Before WILSON, JILL PRYOR and LUCK, Circuit Judges. John Richardson, Pro Se

John Richardson, a former inmate of the Mobile Metro Jail proceeding pro se, appeals the district court's dismissal of his amended 42 U.S.C. § 1983 complaint. In his amended complaint, Richardson alleged that corrections officers at the Mobile Metro Jail violated his civil rights by beating him and acting to conceal his injuries. The district court dismissed Richardson's complaint under the Prison Litigation Reform Act, 28 U.S.C. § 1915(e)(2)(B)(ii), in relevant part, because the sheriff's department was not an entity capable of being sued. On appeal, Richardson does not identify any discrete error in the district court's judgment; instead, he restates the substance of his amended complaint. As we discuss below, even if Richardson has not abandoned any challenge on appeal,1 the district court properly dismissed his amended complaint for failure to state a claim under § 1915(e)(2)(B)(ii).

We review de novo a district court's dismissal of a complaint for failure to state a claim under § 1915(e)(2)(B)(ii). Henley v. Payne, 945 F.3d 1320, 1331 (11th Cir. 2019). We liberally construe pro se pleadings and hold them to a less stringent standard than pleadings drafted by attorneys. Campbell v. Air Jam. Ltd., 760 F.3d 1165, 1168 (11th Cir. 2014). However, we may not “serve as de facto counsel for a party [or] rewrite an otherwise deficient pleading in order to sustain an action.” Id. at 1168–69. We may affirm on any ground supported by the record. Long v. Comm'r of IRS, 772 F.3d 670, 675 (11th Cir. 2014) (per curiam).

A district court may dismiss a complaint under § 1915(e)(2)(B)(ii) for failure to state a claim upon which relief may be granted. 28 U.S.C. § 1915(e)(2)(B)(ii). To state a claim under § 1983, the claimant must show that (1) an act or omission deprived him of a right, privilege, or immunity secured by the constitution or the laws of the United States; and (2) that the act or omission was done by a person acting under the color of state law. Bannum, Inc. v. City of Fort Lauderdale, 901 F.2d 989, 996–97 (11th Cir. 1990). Liability under § 1983 can only be imposed against an entity that is capable of being sued, as determined by the law of the state in which the district court is located. See Dean v. Barber, 951 F.2d 1210, 1214 (11th Cir. 1992). Under Alabama law, an Alabama county sheriff's department lacks the capacity to be sued. Id. at 1214–15.

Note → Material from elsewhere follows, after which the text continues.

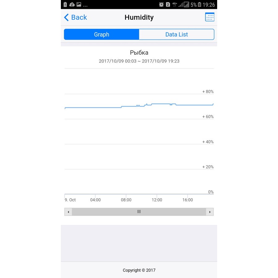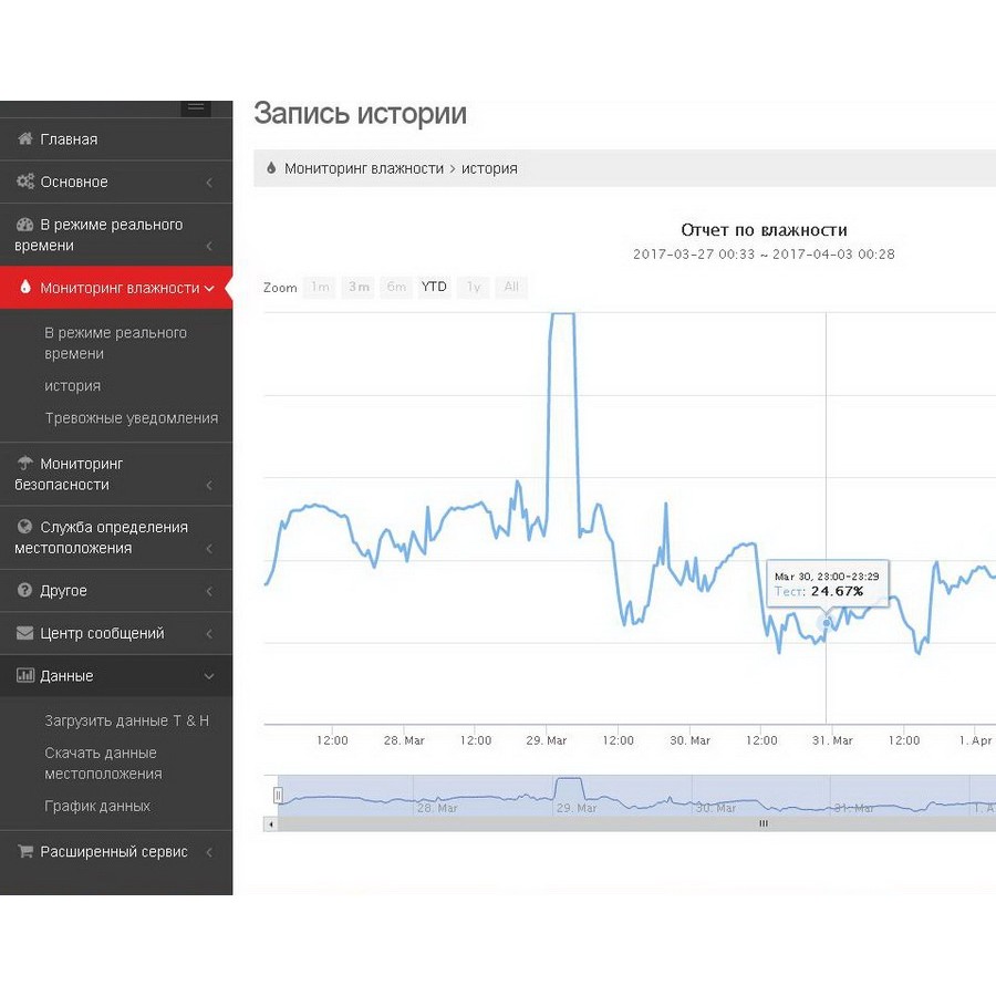 Удобный интерфейс. В личном кабинете пользователь может настроить мин. и макс. границы значений, а также посмотреть графики наблюдений за температурой, влажностью и состоянием заряда батареи. Данные хранятся бессрочно за весь период наблюдений.

Here, the district court did not err in dismissing Richardson's amended complaint for failure to state a claim. Even if he has not abandoned any argument on appeal, Alabama law does not provide for § 1983 liability against a sheriff's department. See id. Thus, because Richardson identified no other defendants or alternative legal theory, his amended complaint failed to state a claim under which relief may be granted. Therefore, we affirm.



1.   A litigant, whether pro se or counseled, abandons an issue by failing to challenge it on appeal. See Irwin v. Hawk, 40 F.3d 347, 347 n.1 (11th Cir. 1994) (per curiam).